--- Extracted entries ---
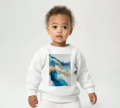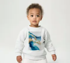 Onze baby sweatshirts bestaan uit 85% biologisch katoen en 15% gerecycled polyester.
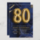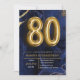 Convite Modern Navy Blue and Gold 80th Birthday Invitation
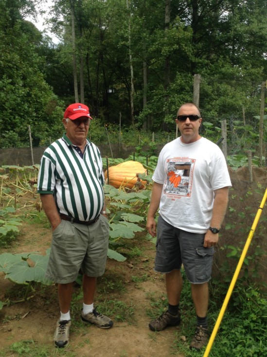 My friend CL Hyatt and me with the pumpkin in the background. CL grew a pumpkin this year that got to about 300 lbs, but it split on him when a big storm came in late in the season and dumped too much rain on the plant. CL enjoyed watching the pumpkin grow and says he wants to try again next year.
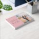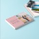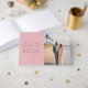 This wedding guest book features a split design with a soft pink background on the left and a serene beach photograph on the right. The elegant script font adds sophistication, while the minimalist layout emphasizes simplicity and romance. Perfect for capturing memories at your special day, this design combines a tranquil coastal vibe with an intimate touch, making it ideal for any beach-themed wedding celebration.
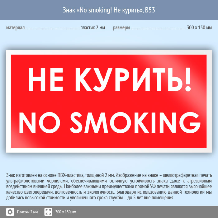 Знак «No smoking! Не курить», B53 (пластик, 300х150 мм) в Кашире купить
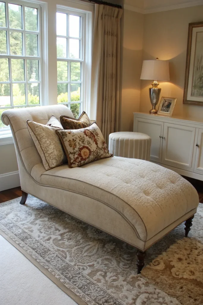 A chaise lounge instantly brings sophistication to a bedroom sitting area. Its elongated shape allows you to stretch out comfortably, making it ideal for lounging or afternoon naps. Place it near a window or across from the bed for balance and visual interest.
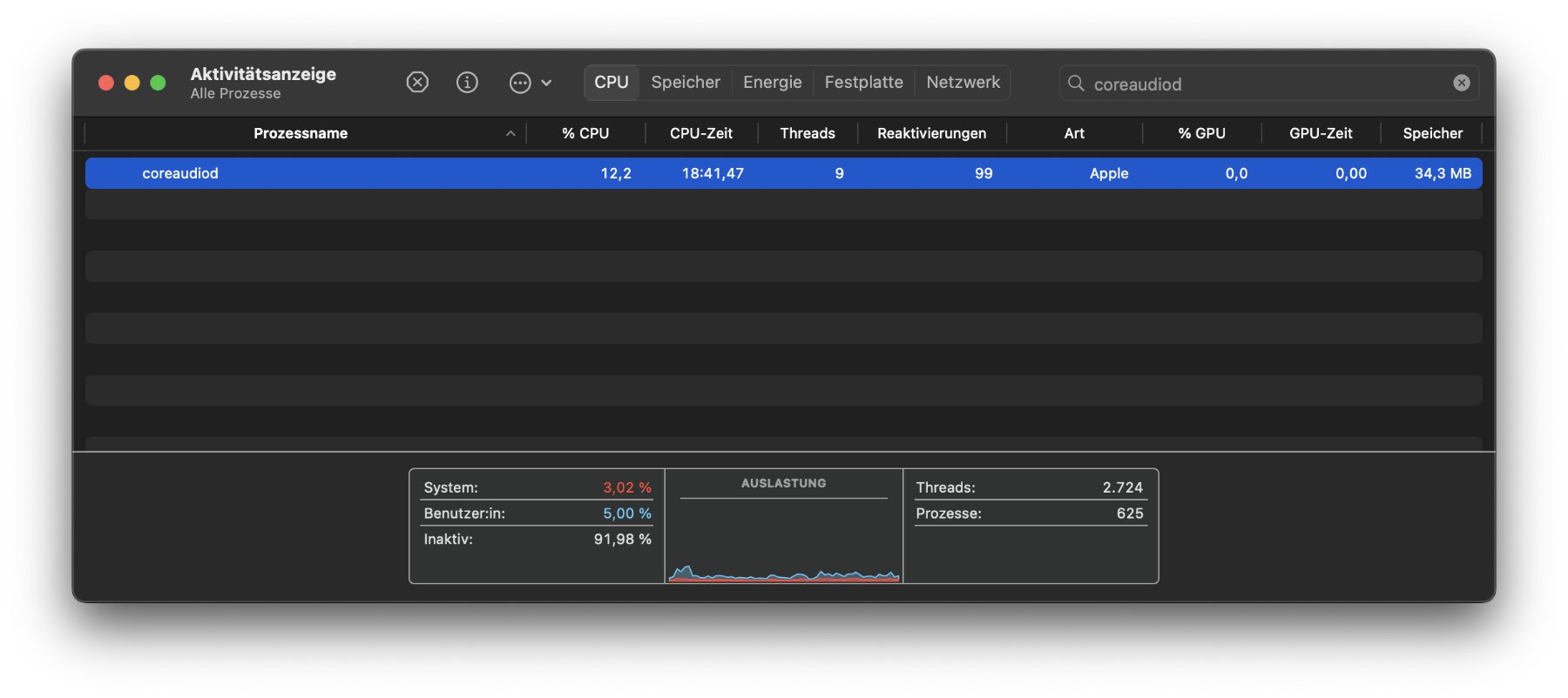 Mac-Problem: coreaudiod verursacht hohe CPU-Last
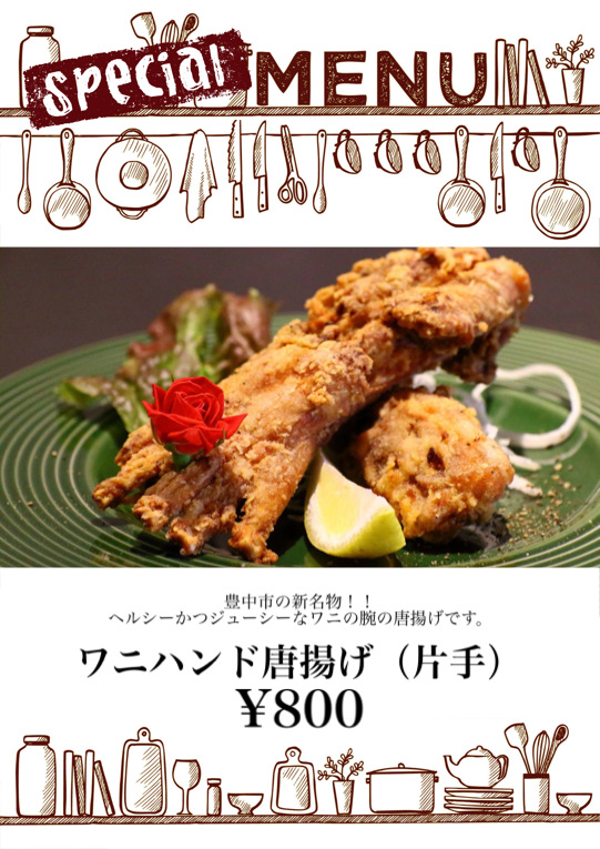ヘルシーかつジューシーなワニの腕の唐揚げです。
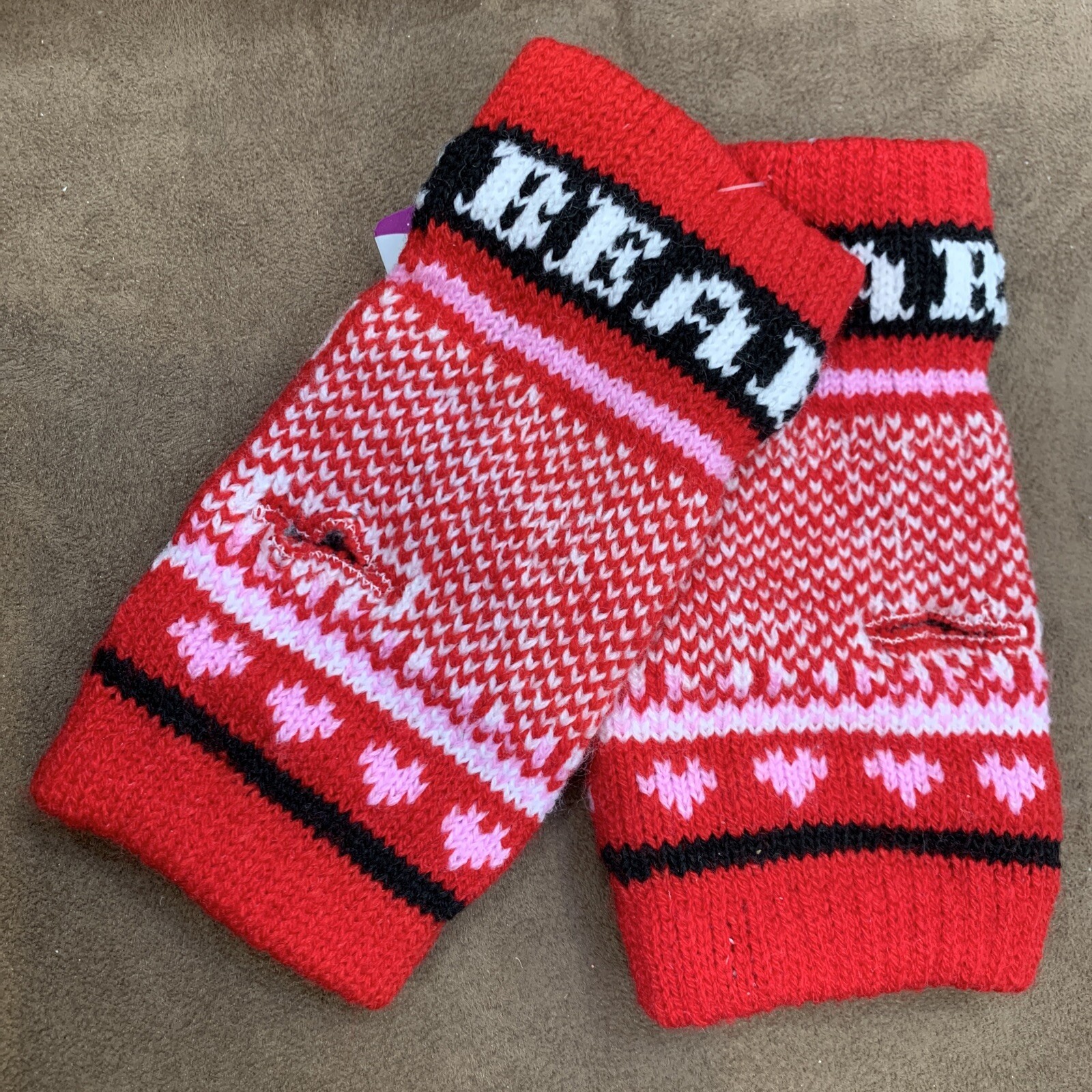 GIRLS GLOVES FINGERLESS RED BEAR HEARTS WARM SUPER CUTE
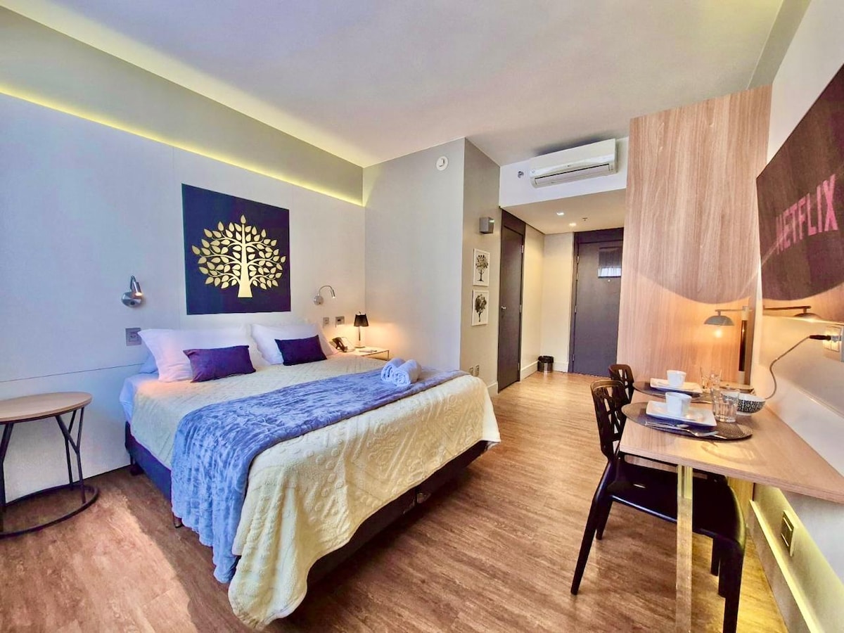 Apartamento aconchegante no Batel, ideal para quem busca conforto e praticidade em Curitiba. Conta com cozinha equipada (mesa de jantar, geladeira, cooktop e micro-ondas), quarto com cama de casal e bancada de trabalho, além de sofá-cama queen. Ar-condicionado quente/frio, blackout para noites tranquilas e ótima localização perto de mercados, farmácias, shoppings e restaurantes, com fácil acesso para quem está sem carro.

--- What the task requires ---
An acceptable answer consists of the lines above from the one holding "A chaise lounge" to the end of the data, repeated exactly and containing no pictures.

--- Solution below ---
 A chaise lounge instantly brings sophistication to a bedroom sitting area. Its elongated shape allows you to stretch out comfortably, making it ideal for lounging or afternoon naps. Place it near a window or across from the bed for balance and visual interest.
 Mac-Problem: coreaudiod verursacht hohe CPU-Last
ヘルシーかつジューシーなワニの腕の唐揚げです。
 GIRLS GLOVES FINGERLESS RED BEAR HEARTS WARM SUPER CUTE
 Apartamento aconchegante no Batel, ideal para quem busca conforto e praticidade em Curitiba. Conta com cozinha equipada (mesa de jantar, geladeira, cooktop e micro-ondas), quarto com cama de casal e bancada de trabalho, além de sofá-cama queen. Ar-condicionado quente/frio, blackout para noites tranquilas e ótima localização perto de mercados, farmácias, shoppings e restaurantes, com fácil acesso para quem está sem carro.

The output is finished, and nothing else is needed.